Nous visitions ce pays à la fin de 1864 ; la saison était rude sur la montagne : nous laissâmes Fort-Napoléon dans le froid d’une pluie neigeuse et descendîmes comme du sein des nuages pour saluer, après trois heures de marche, le soleil et l’éternelle verdure sur les coteaux touffus de Djemâ-Sâridj, un vrai jardin, la pépinière du Djurdjura.

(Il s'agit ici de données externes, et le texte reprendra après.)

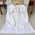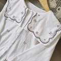 Bordir bunga kecil tersebar rapi di bagian badan, memberi kesan lembut dan feminin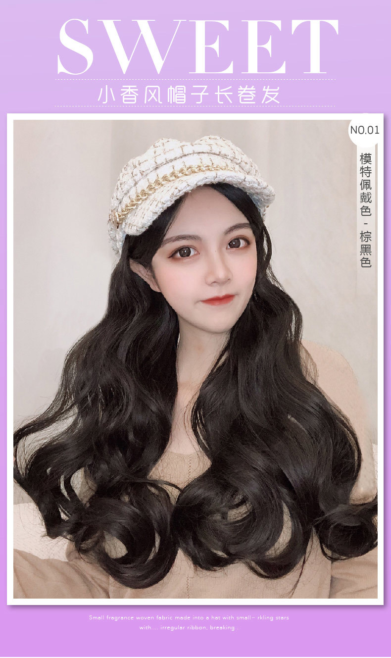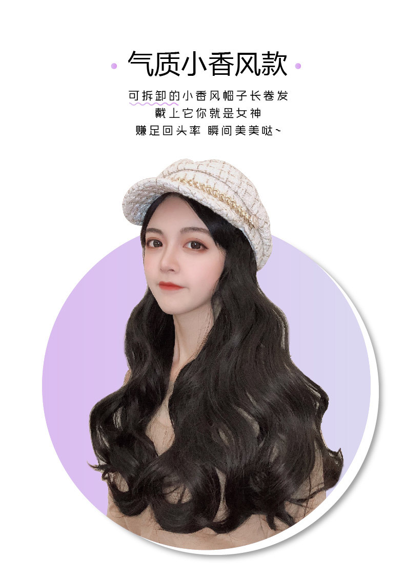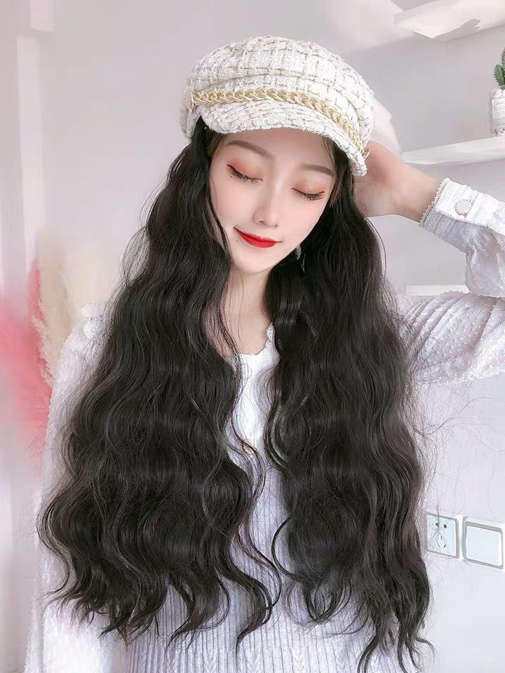 Winter big wave long curly hair wig hat one small Xiangfeng net red Ruili cap full head cover wig

Les notables du lieu aiment à parler : quand on croit que le nom ancien de Bida est éteint, on apprend vite, en les écoutant, qu’il se retrouve dans le nom actuel d’une famille des Fraou-cen, les Aït-Bida, dont l’antiquité passe pour remonter au temps des Romains[1]. Si l’on veut voir les ruines, chaque habitant les

  1. Le mot Bidil, autre appellation antique de Djema-Saridj, est également oublié des Kabyles, mais il existe encore dans la langue des Touaregs, où il signifie « être fou. » Or M. le colonel Hanoteau a fait cette curieuse observation que tout à côté de Djemà-Sâridj est un petit village appelé maintenant d’un nom arabe, El-Mesloub, qui veut dire « le fou. » Voilà sans doute l’ancienne dénomination kabyle se révélant sous la traduction arabe, qui s’y est substituée.